3) Der Vorsitzende beruft eine Vorstandssitzung ein, so oft es erforderlich ist, mindestens jedoch einmal halbjährlich. Die Einladung ergeht in Schriftform unter Mitteilung der Tagesordnung. Über die Vorstandssitzung ist eine Niederschrift anzufertigen.

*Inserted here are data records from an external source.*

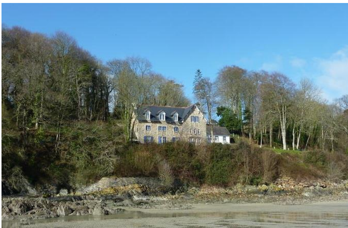
La colonie de vacances du Toulinet

5 W 152 Centre de loisirs sans hébergement Joseph-Le-Gall de Kerligonan. – Rénovation. 1497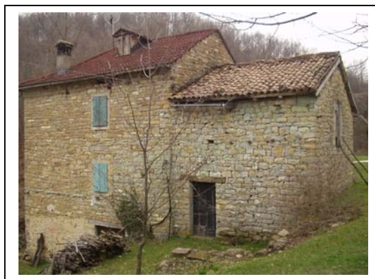
UNITA' EDILIZIE NR. 1-2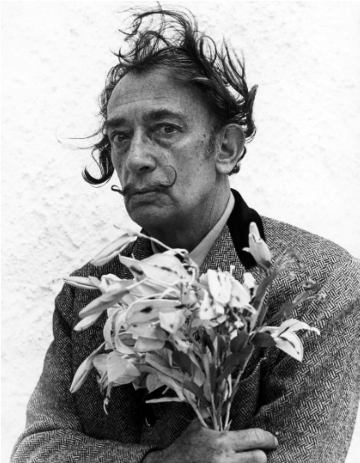
Pierre Boulat. Dalí avec un bouquet de fleurs , sans date.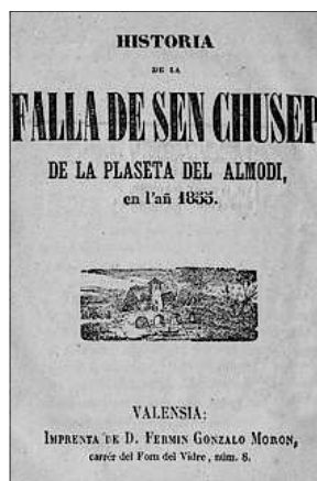
PORTADA DEL PRIMER LLIBRET DE FALLA

Este primer llibret consta de 14 pàgines impreses, de 11,5 x 16,00 cm, un gravat en la portada i un altre al final, junt a l'Epitafi. Va ser impressa en l'impremta de D. Fermín Gonzalo Morón , carrer del

4) Der Verein wird gerichtlich und außergerichtlich durch jeweils zwei Vorstandsmitglieder vertreten, darunter der/die Vorsitzende oder der/die stellvertretende Vorsitzende (Vorstand im Sinne des § 26 BGB).

  • 11

Mitgliederversammlung

1) Mindestens einmal im Jahr muss eine ordentliche Mitgliederversammlung einberufen werden. Sie wird vom Vorsitzenden des Vereins oder auf Antrag eines Mitgliedes des Vorstandes in Schriftform unter Angabe der Tagesordnung und einer Frist von vierzehn Tagen einberufen.

2) Die Mitgliederversammlung fasst ihre Beschlüsse mit einfacher Stimmenmehrheit der erschienen Mitglieder. Satzungsänderungen bedürfen der Stimmenmehrheit von mindestens 2/3 der anwesenden Mitglieder. Über die Beschlüsse der Mitgliederversammlung ist eine Niederschrift anzufertigen, die vom Vorsitzenden und vom Schriftführer unterzeichnet werden muss.

3) Die Mitgliederversammlung hat insbesondere folgende Aufgaben:

  1. a) Wahl des Vorstandes
  2. b) Entgegennahme des Jahresberichts
  3. c) Abnahme der ordnungsgemäß geprüften Jahresrechnung des Vorjahres und Entlastung des Vorstandes
  4. d) Festsetzung der Höhe des Mitgliedsbeitrages
  5. e) Beschluss über Satzungsänderung und Auflösung des Vereins
  6. f) Beschluss über den Antrag auf Ausschluss eines Mitglieds
  • 12

Rechnungsprüfer und finanzielles Verfügungsrecht

1) Der Verein bestellt zwei Rechnungsprüfer, die nicht dem Vorstand angehören dürfen. Auftrag der Rechnungsprüfer ist es, den Jahresabschluss zu überprüfen. Über das Ergebnis der Überprüfung ist in der ordentlichen Mitgliederversammlung zu berichten.

2) Der Vorsitzende und der Kassierer sind ermächtigt, über Ausgaben bis zu 250,– €* alleine zu verfügen. Bei Beiträgen über 250,– €* wirkt der gesamte Vorstand mit.

  • 13

Zustimmungserfordernis

1) Satzungsänderungen, die die Zuordnung zur Kirche verändern sowie der Beschluss über die Auflösung des Vereins bedürfen der Zustimmung des Diakonischen Werkes der Evangelischen Kirche im Rheinland.